• **Aim of the task**
Each line below from the "Lampa wisząca DIEGO 3 szara SL.0576 Sollux" line through the "Short-sleeved crew-neck T-shirt" line, those two included, must be restated word for word; the pictures must not be.

• **Data supplied**
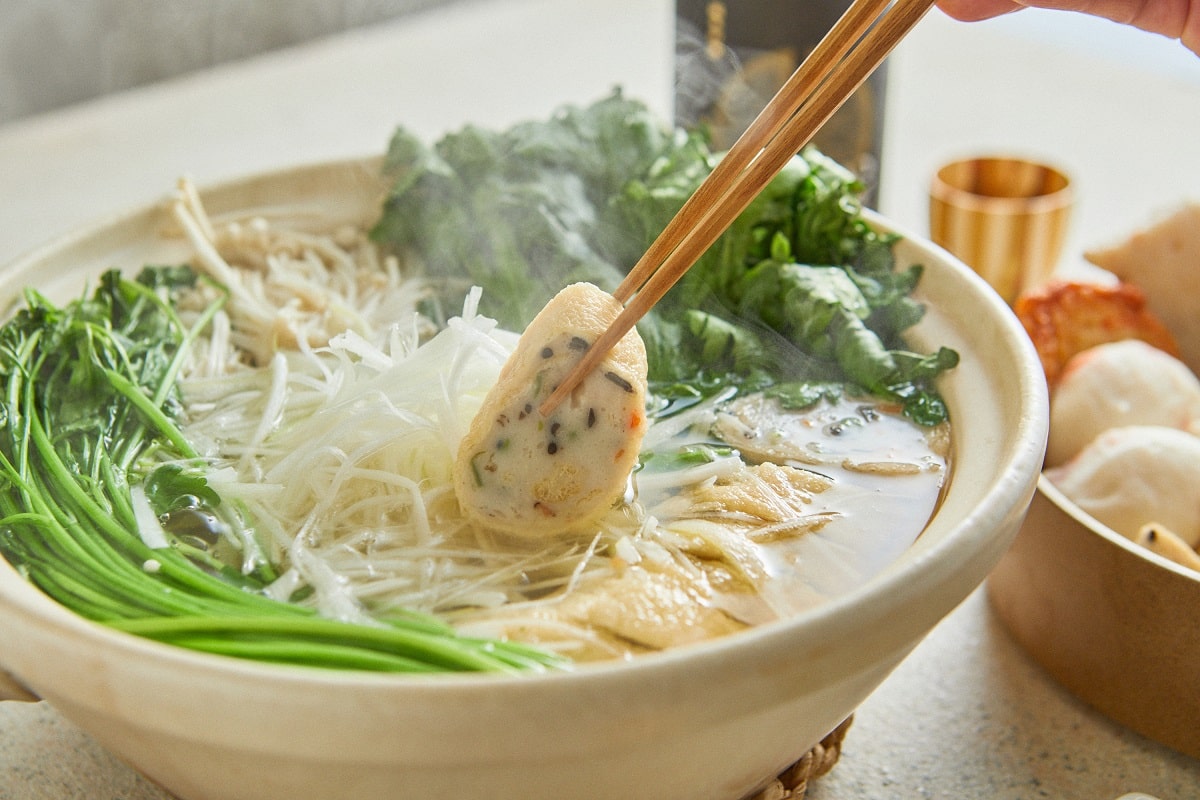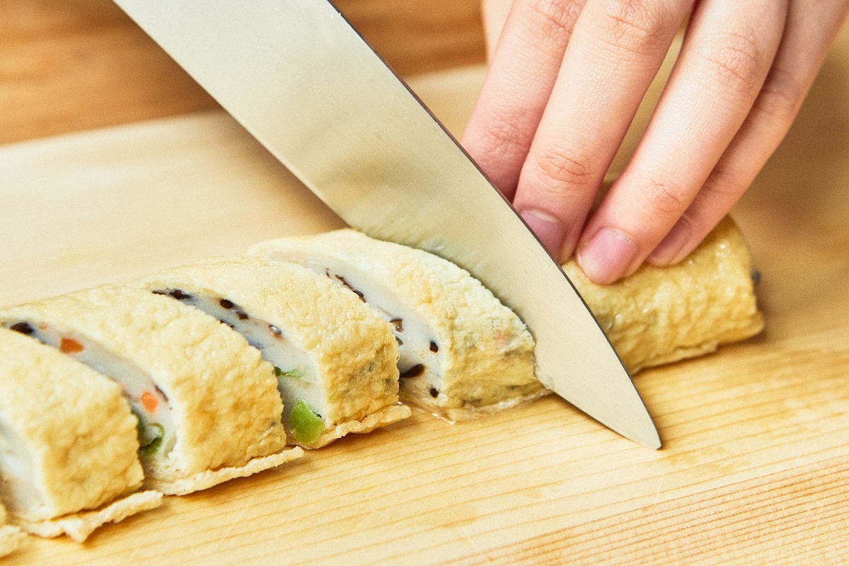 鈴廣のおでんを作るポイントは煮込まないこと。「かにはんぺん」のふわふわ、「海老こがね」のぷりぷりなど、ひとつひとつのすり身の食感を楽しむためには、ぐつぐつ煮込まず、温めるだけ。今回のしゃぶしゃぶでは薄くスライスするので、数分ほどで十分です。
--
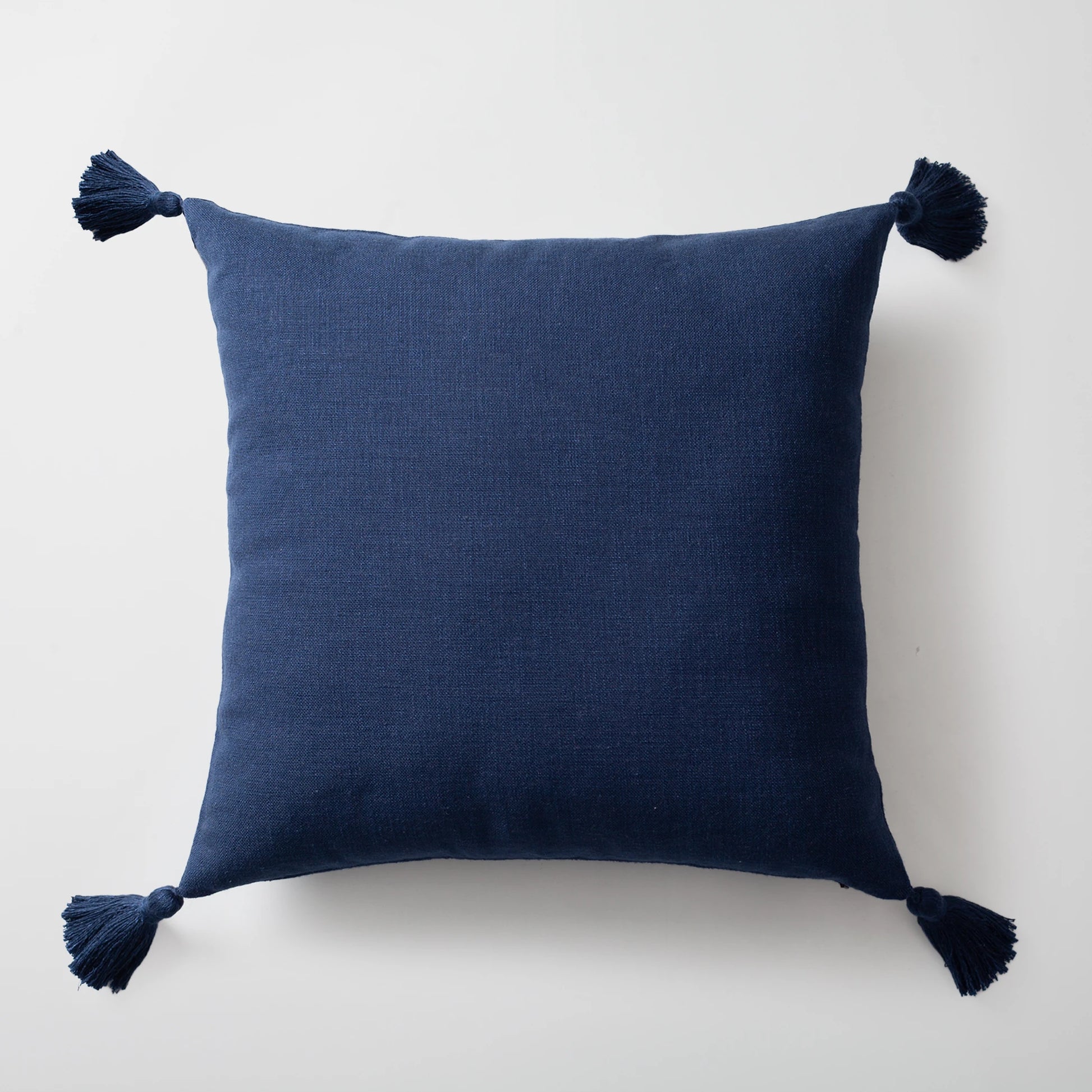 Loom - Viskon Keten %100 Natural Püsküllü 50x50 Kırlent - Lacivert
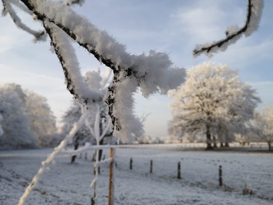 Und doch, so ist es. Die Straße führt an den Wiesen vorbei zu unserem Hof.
---
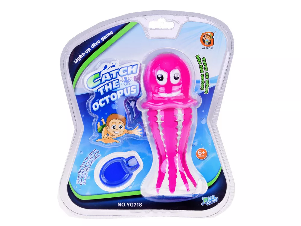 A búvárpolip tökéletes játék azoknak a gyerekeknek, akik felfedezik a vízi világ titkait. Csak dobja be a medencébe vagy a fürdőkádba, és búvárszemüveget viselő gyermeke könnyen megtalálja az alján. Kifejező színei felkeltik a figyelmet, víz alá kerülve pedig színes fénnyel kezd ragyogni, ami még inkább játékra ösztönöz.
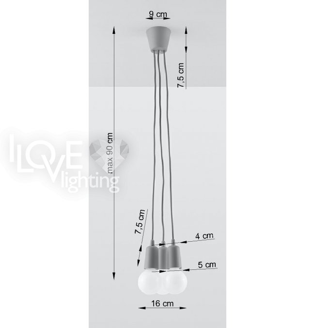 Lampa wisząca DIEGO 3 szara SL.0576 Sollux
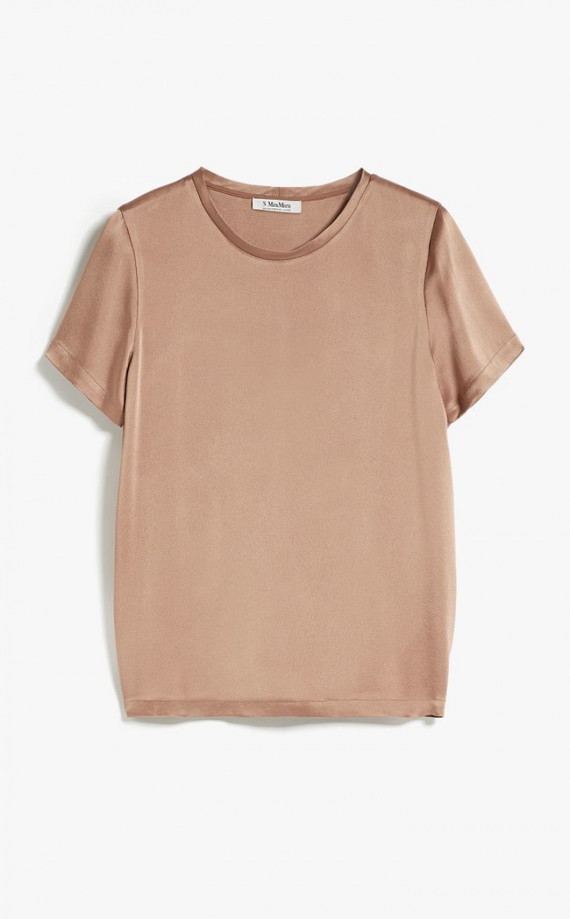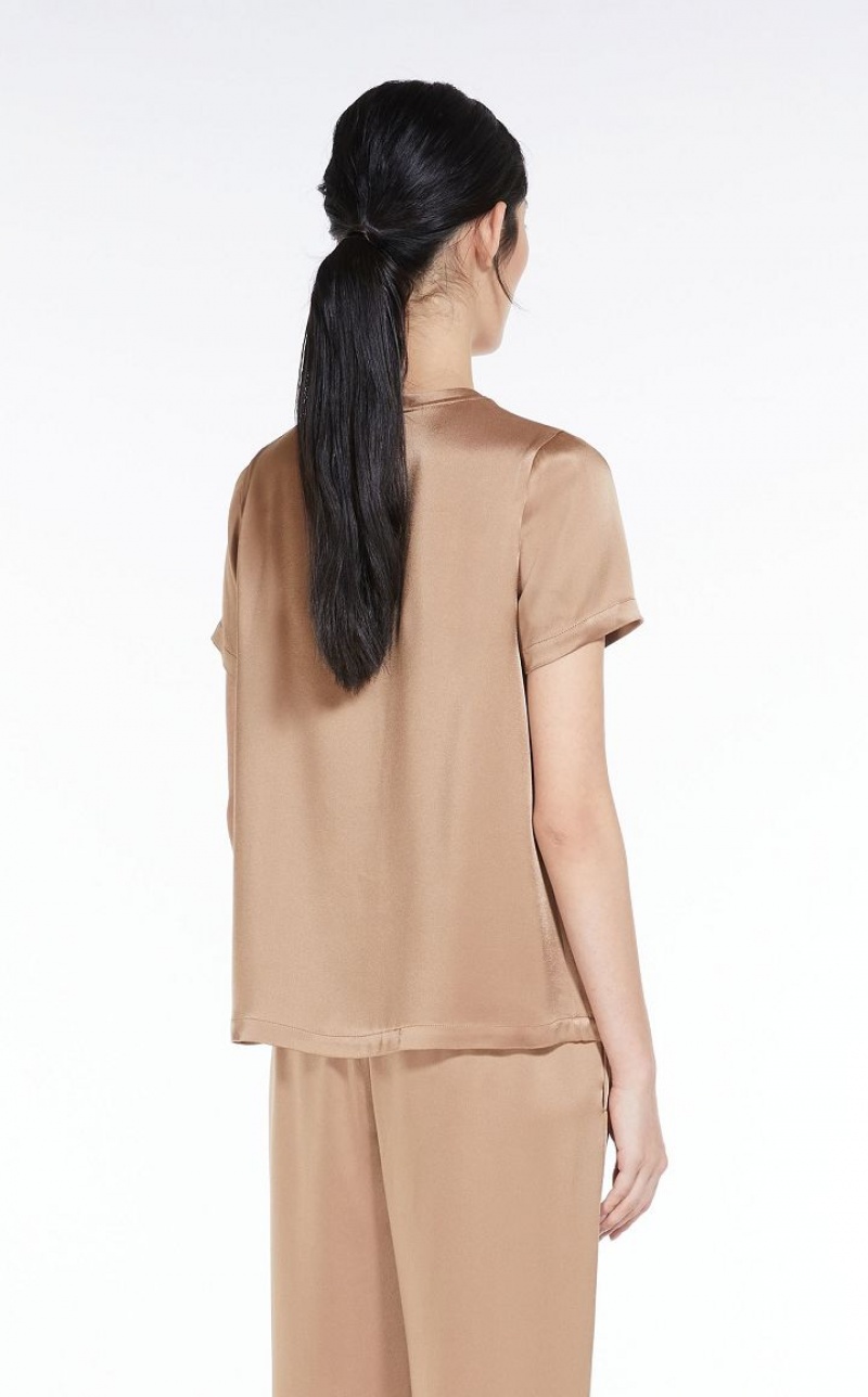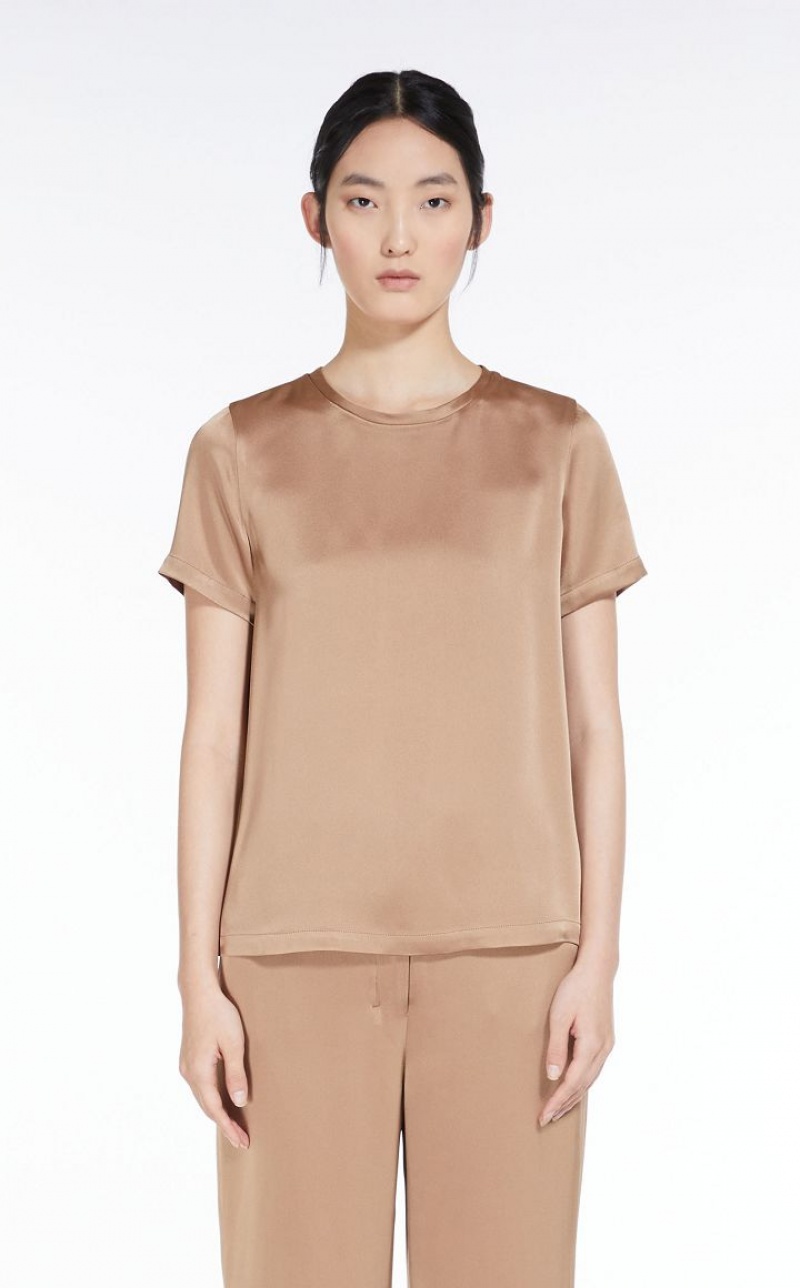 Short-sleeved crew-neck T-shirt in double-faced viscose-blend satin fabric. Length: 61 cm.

• **Answer for the task**
 Lampa wisząca DIEGO 3 szara SL.0576 Sollux
 Short-sleeved crew-neck T-shirt in double-faced viscose-blend satin fabric. Length: 61 cm.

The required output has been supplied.